名人戦契約問題についていろいろ(30)

日本将棋連盟から「補足説明」の文書が出ました。25日に発表された理事会案は提出されなかったということは書いておいた方がいいのではないかと思います。事情を知らない人は、理事会案が一度否決されたか、総会の中で修正されたかしたと誤解しそうな気がします。普通は昨日の今日で予告なく案が変わるとは思いませんので。

それから、読売新聞の5月27日付朝刊3面にこの結果に関する大きな記事が出ています。

記事本文では情勢をまとめた文章となっています。「毎日支持に近い高段棋士」は今回の案を「毎日の案を棋士全員が投票で決めるのだから民主的だ」と評価するのに対して、別の棋士は一定額の協力金を毎日新聞社が支払わない場合には「それが無理なら共催案で妥協してもらうほかない」という話をする人もいたそうです。

記事右側には「名人戦問題の経緯」と題する時系列の表があります。日本将棋連盟毎日新聞社に「通知書」を発送した3月28日以前の出来事は記事によって微妙に違う部分があるように思います。この記事では3月3日に「朝日新聞側から名人戦移管の申し入れ書が将棋連盟に届く」、3月15日に「連盟理事会の8人全員一致で朝日移管の方針を固める」、3月17日に「朝日新聞社長名の正式な申し入れ書を連盟が受け取る」となっています。

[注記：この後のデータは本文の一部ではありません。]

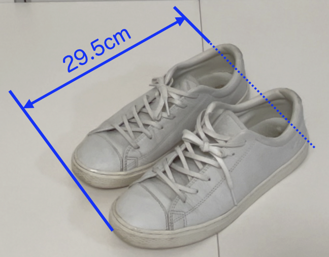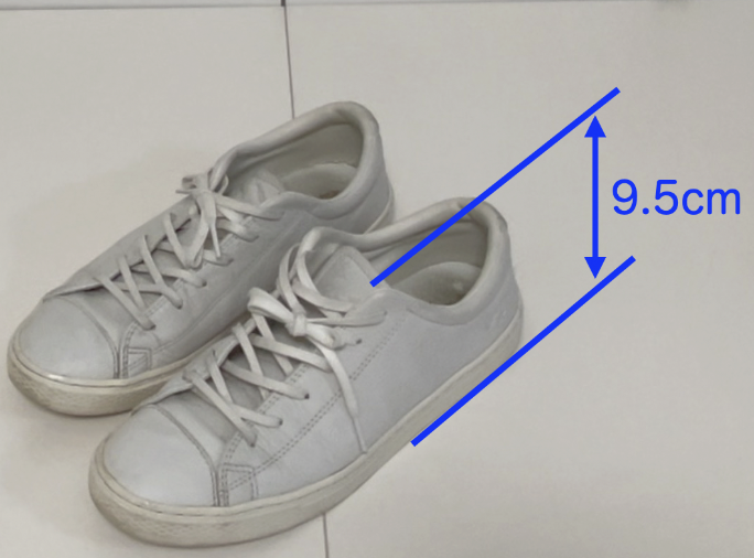 このスニーカーの外寸を測ってみると、靴の全長29.5cm・幅21cm・高さ9.5cmでした。
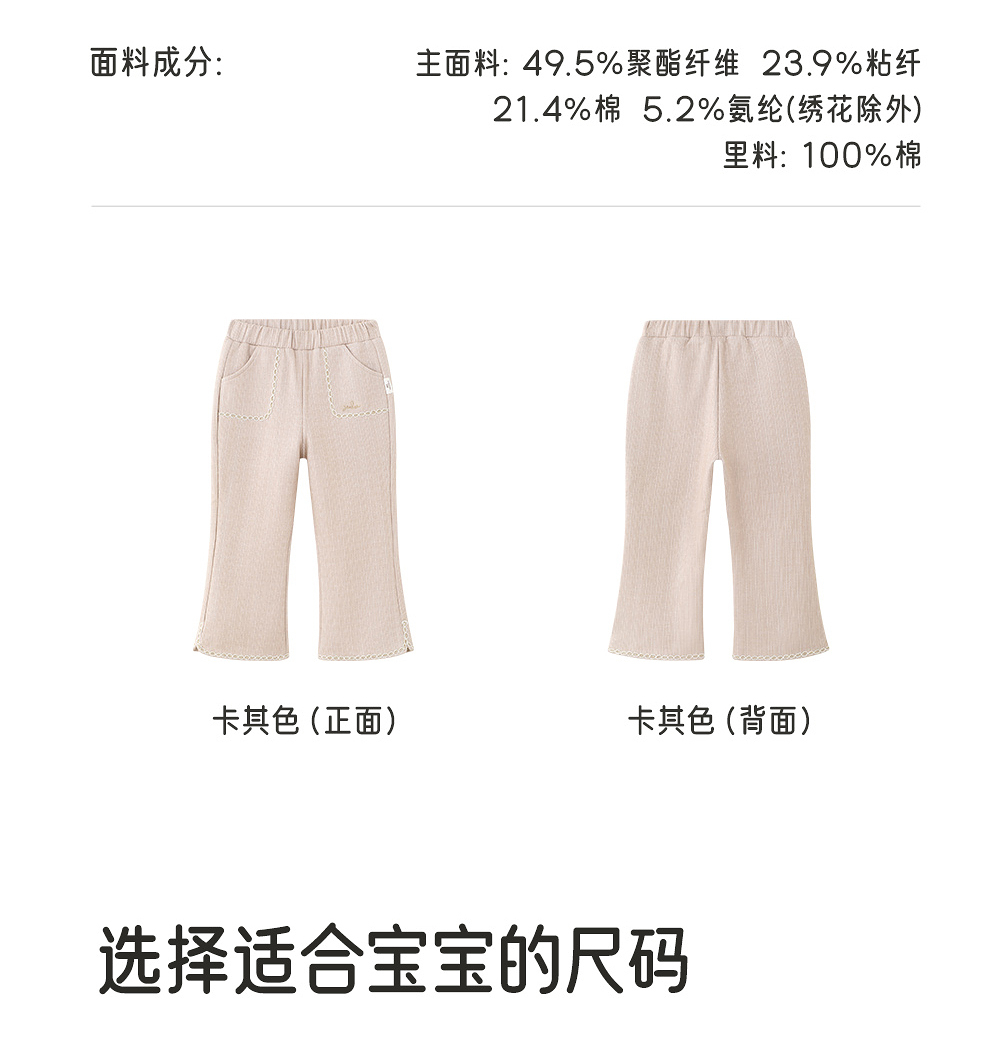 【商场同款】英氏儿童裤子秋冬休闲百搭女童长裤新款时尚卡其裤子
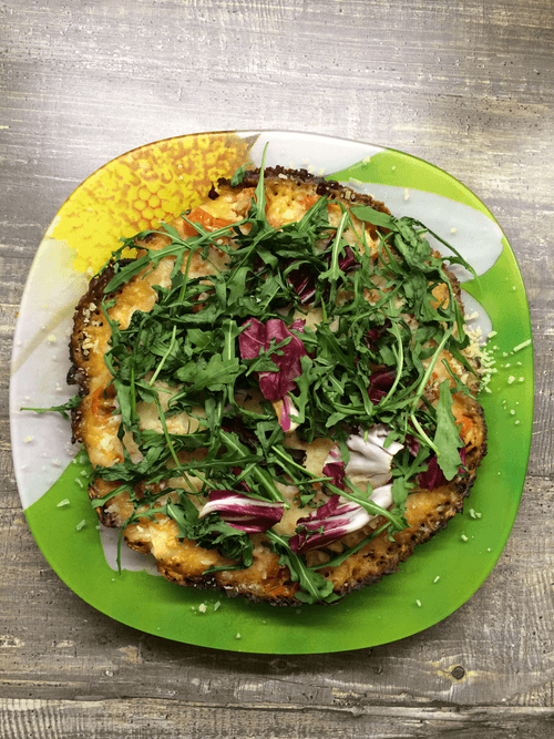 Готовые пиццы посыпать рукколой и пармезаном.

右下には「30年先を読んだ改革を」と題する短文が掲載されています。「毎日に対してもっと配慮するべきだった」とした上で、次のように書いています。

連盟は財政が苦しいというが、現役棋士の数は毎年のように増え続け、現在156人。新聞社からの収入に頼るばかりでなく、幅広いスポンサーの獲得や、20年、30年先を見据えた改革案をきちんと示すべきだ。

以前から言われていたことではありますが、当の新聞紙上で書かれたことに大きな意味があります。記事中には作家の保坂和志氏のコメントがあり、その中でも「そもそもタイトル戦の契約金が高すぎる。(中略)自分で企画を立て人気回復する努力をするべきだ」とされていることを見ると、これが読売新聞社の意志であると受け止めるべきでしょう。日本将棋連盟では様々な施策を進めてきているということになっていますが、実際には胸を張って「改革」と言えるほどのものは出てきていないというメッセージです。もらえるものはもらっておこうという考えで今回の話が進んでいるように感じるのですが、そういう甘い話はなかなかないものです。

記事の左下には読売新聞社が5月18日付で全棋士を対象に行ったアンケート調査についての記載があります。アンケートに回答したのは196名中42名。うち23名が毎日と継続を支持したそうです。一方、朝日単独と共催はそれぞれ3名ずつだったということです。このアンケートの存在はこの記事で初めて知りました。

なお、29日発売の週刊現代6月10日号で「米長邦雄名人戦移籍失敗で責任転嫁」という記事が出るようです。例の特集の第4弾です。